Exercise material

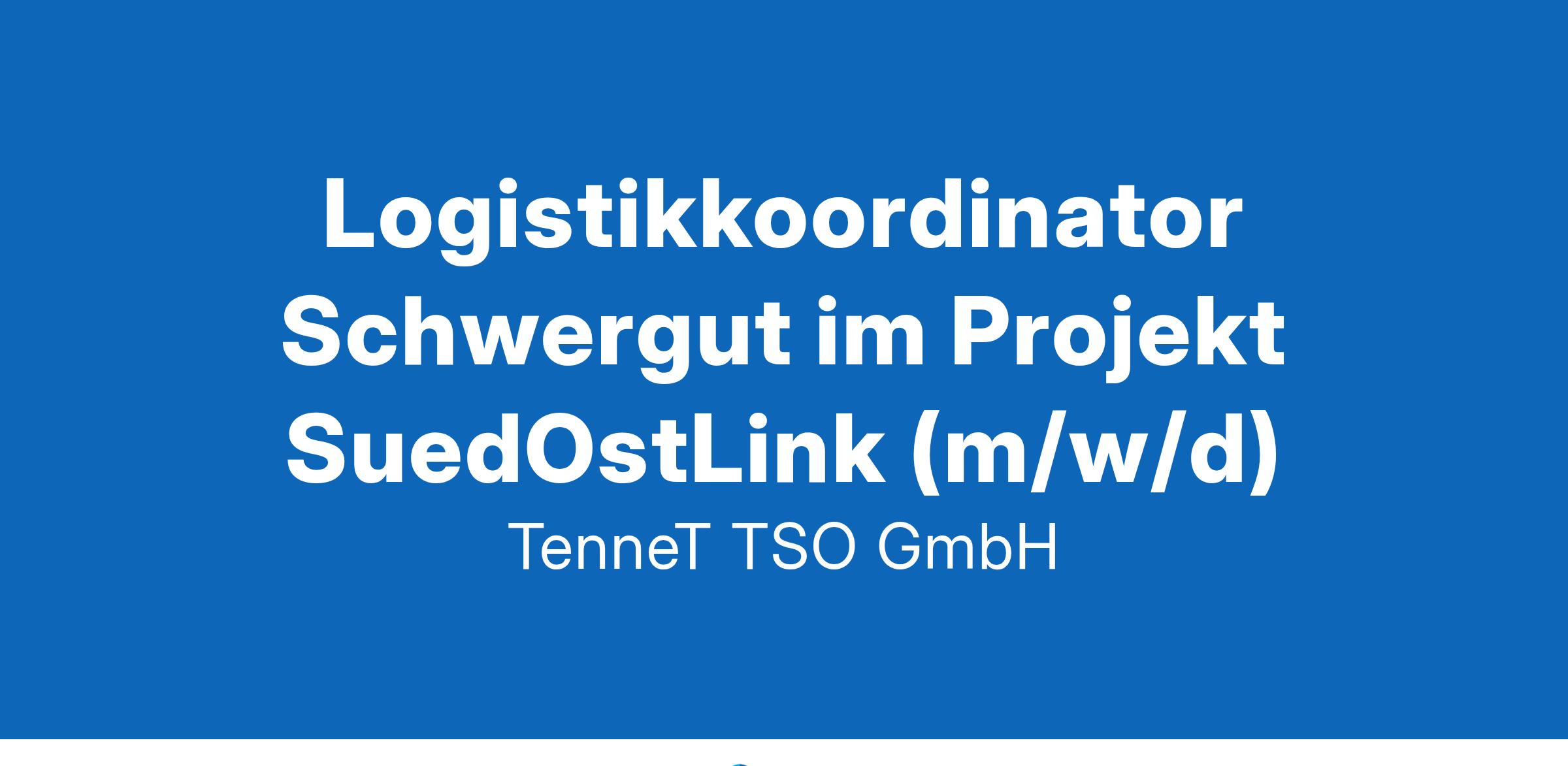 TenneT Home PageLogistikkoordinator Schwergut im Projekt SuedOstLink (m/w/d)Apply nowTenneT ist im Wachstum, um seine strategischen Ziele zu erreichen: Wir packen den Umbruch der Energieversorgung an. Wir machen Energiewende! Mach mit - durch einen Job, der wirklich etwas bewegt! Wir suchen einen leidenschaftlichen Logistikkoordinator (m/w/d) am Standort Bayreuth und im Homeoffice, vielleicht bist Du das?
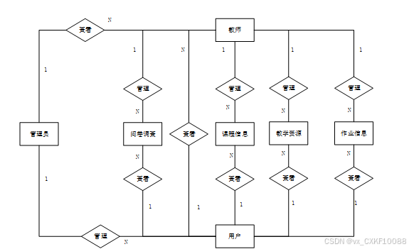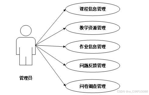 管理员功能包括课程信息管理,教学资源管理,作业信息管理,问题反馈管理,问卷调查管理。
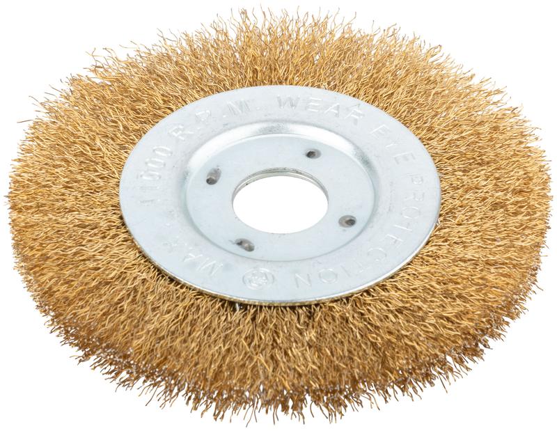 Корщетка-колесо посадочный d22.2мм стальная латунированная волнистая проволока 125мм FIT 39065
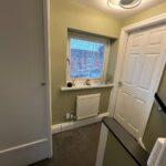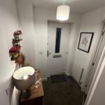 Access to cloakroom, Large under-stairs storage cupboard.
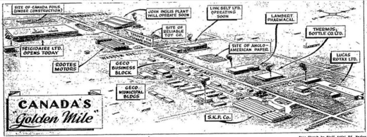 The seeds for imagining and branding the corporate campus can be seen in the initial advertising campaigns and sales pitches staged by developers and municipalities, like the City of Toronto. These campaigns were hoping to capitalize on the Americanization of the postwar suburban fantasy and its Canadian apparition, while simultaneously encouraging the industrial growth needed to achieve the economic prosperity desired. This growth remains a defining characteristic of this part of the city, as opposed to others that are free of all signs of industrialization.
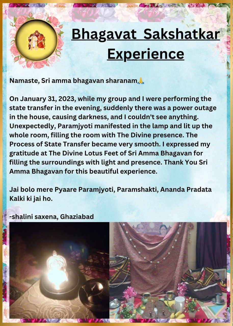 2023年1月31日に、私のグループと私は夕方にステイトの転送をしていると、突然、家が停電になり真っ暗で何も見えなくなりました。思いがけず、パラムジョッティがランプに現れ、部屋中を照らし、ディバインの臨在で満たされました。
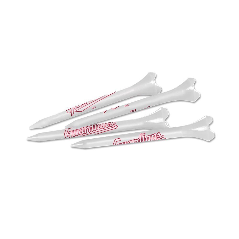 Forty 2 3/4" tees in vibrant Cleveland Guardians colors printed with team name. Made from ultra-strong material, so order a pack and take a swing. Officially licensed.

Description of the task
Skip every picture, and give the rest of the material above again exactly.

The answer
 TenneT Home PageLogistikkoordinator Schwergut im Projekt SuedOstLink (m/w/d)Apply nowTenneT ist im Wachstum, um seine strategischen Ziele zu erreichen: Wir packen den Umbruch der Energieversorgung an. Wir machen Energiewende! Mach mit - durch einen Job, der wirklich etwas bewegt! Wir suchen einen leidenschaftlichen Logistikkoordinator (m/w/d) am Standort Bayreuth und im Homeoffice, vielleicht bist Du das?
 管理员功能包括课程信息管理,教学资源管理,作业信息管理,问题反馈管理,问卷调查管理。
 Корщетка-колесо посадочный d22.2мм стальная латунированная волнистая проволока 125мм FIT 39065
 Access to cloakroom, Large under-stairs storage cupboard.
 The seeds for imagining and branding the corporate campus can be seen in the initial advertising campaigns and sales pitches staged by developers and municipalities, like the City of Toronto. These campaigns were hoping to capitalize on the Americanization of the postwar suburban fantasy and its Canadian apparition, while simultaneously encouraging the industrial growth needed to achieve the economic prosperity desired. This growth remains a defining characteristic of this part of the city, as opposed to others that are free of all signs of industrialization.
 2023年1月31日に、私のグループと私は夕方にステイトの転送をしていると、突然、家が停電になり真っ暗で何も見えなくなりました。思いがけず、パラムジョッティがランプに現れ、部屋中を照らし、ディバインの臨在で満たされました。
 Forty 2 3/4" tees in vibrant Cleveland Guardians colors printed with team name. Made from ultra-strong material, so order a pack and take a swing. Officially licensed.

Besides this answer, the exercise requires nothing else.